Club members get history lesson on Battle of Gettysburg on annual Civil War trip

Forty-five National Press Club members and guests enjoyed a fact-filled educational tour of Gettysburg National Military Park on Saturday, 156 years after the bloodiest battle of the Civil War raged over the park's sweeping fields and hills. It was the Club's 15th annual Civil War trip, hosted by the American Battlefield Trust.

Tim Smith, a Gettysburg expert and licensed guide. took the Club group through the three days of horrendous fighting in the July 1-3, 1863, battle, which ebbed and flowed over 20 square miles.

Smith said the Confederate Army arrived at Gettysburg before the Union forces did, with more men.

"The South captured the town, with fighting in the streets," he said, pointing out bullet holes in some of the still-standing homes and other town buildings. At the time Gettysburg had some 2,000 residents, but only one civilian was killed.

Summarizing the wide-ranging fighting, Smith said the Confederate Army won the first day of the battle.

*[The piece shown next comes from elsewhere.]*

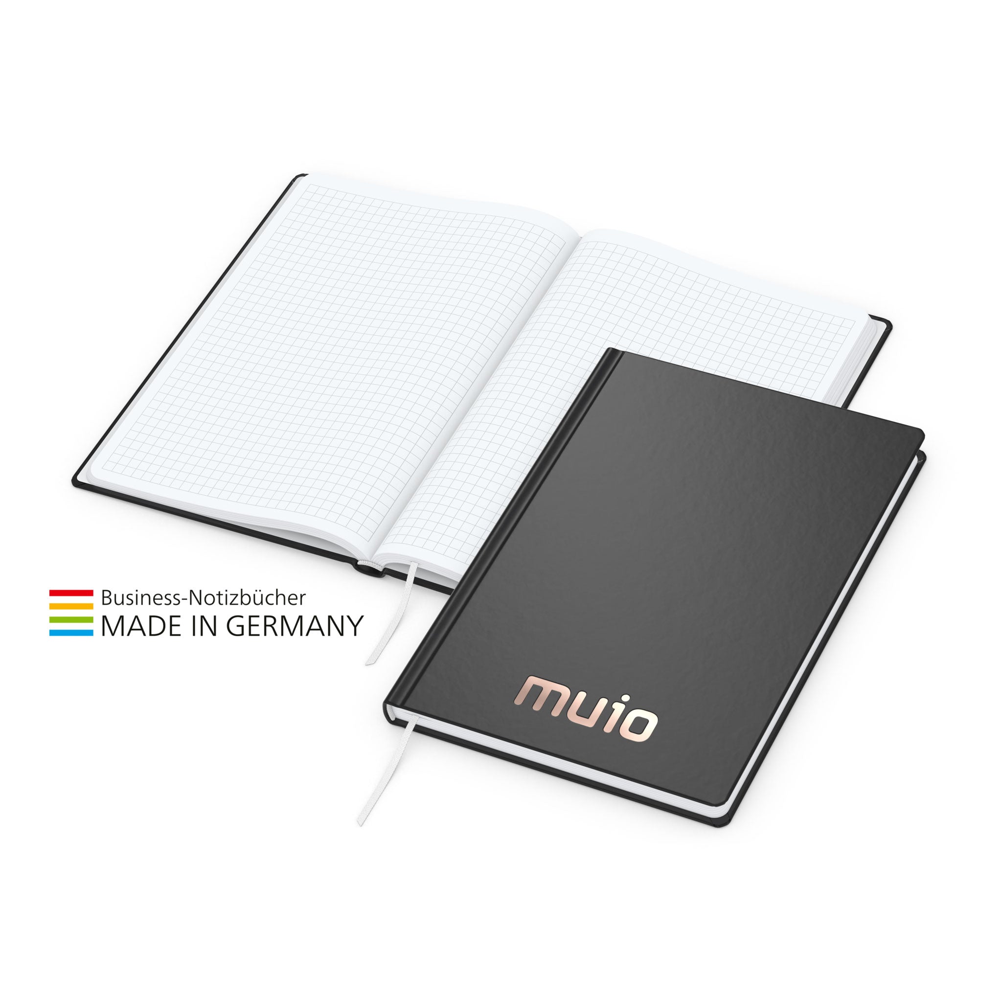 Mit diesem Notizbuch mit mattem Hardcover überzeugst du deine Kund*Innen und Mitarbeiter*Innen. Mit 192 karierten Seiten ist genug Platz alles zu notieren, was einem in den Kopf kommt, zusätzlich kannst du zwischen 3 Größen auswählen. Das Lesezeichen erinnert dich das nächste Mal an welcher Stelle du stehen geblieben bist. Die Individualisierung erfolgt durch Prägung auf das Außenband des Notizbuches. Perfekter Werbeartikel für Konferenzen und Messen. Gestalte jetzt dein Hardcover Notizbuch!
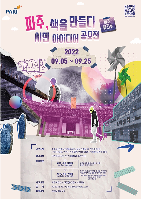 파주, 색을 만들다 [청소년 / 일반] 부문 | ▶사진, 그림 등을 베이스로 한 아이디어 콜라주 작품을 디지털 파일로 제출 ▶이미지 제출의 경우 최소 A4 이상, 200dpi 이상으로 작업 또는 스캔하여 제출 JPG/PNG/PDF 파일, 1인/1팀당 이미지 3개까지 제출 가능 ▶200자 내외 작품 설명글 ▶각 파일 크기가 20MB를 넘지 않도록 권장함 |

The second day was the bloodiest day of the battle, with Confederate Gen. Robert E. Lee's army attacking both ends of a three-mile-plus Union army line.

"Lee's army had to march through woods, over boulders and through bushes -- mostly uphill," Smith said. Despite the difficult terrain the Confederate forces almost succeeded, but the North won the day by staving off a vicious attack at the hill known as Little Round Top.

"Lee thought he could win by attacking the center of the Union line on the third day," Smith said. "After failing against the ends, he thought the center would be weak."

But the attack against a well fortified and elevation position -- the famed Pickett's Charge -- "was a disaster." Some 12,000 Confederate soldiers attacked, with 6,000 to 8,000 killed, wounded or missing.

Why did Lee make the charge?

"He had moved 70,000 men over 200 miles into northern territory, no easy task," Smith said. "This was the time, he had to do something, and he thought the attack was his best chance."

The Club group also saw the small stone house that was Lee's headquarters during the battle. The house and adjacent four-acre property was privately owned and over the years was host to a museum and motel complex. In 2014, the Trust acquired the property and restored the house to its 1863 appearance.

The Club's Civil War Trips started in 2005, under a payment-in-kind arrangement with the Trust, and have been held every year since. Headquartered in Washington, the Trust is a private entity that purchases and preserves battlefield lands. It educates the public on what happened there and why it matters today.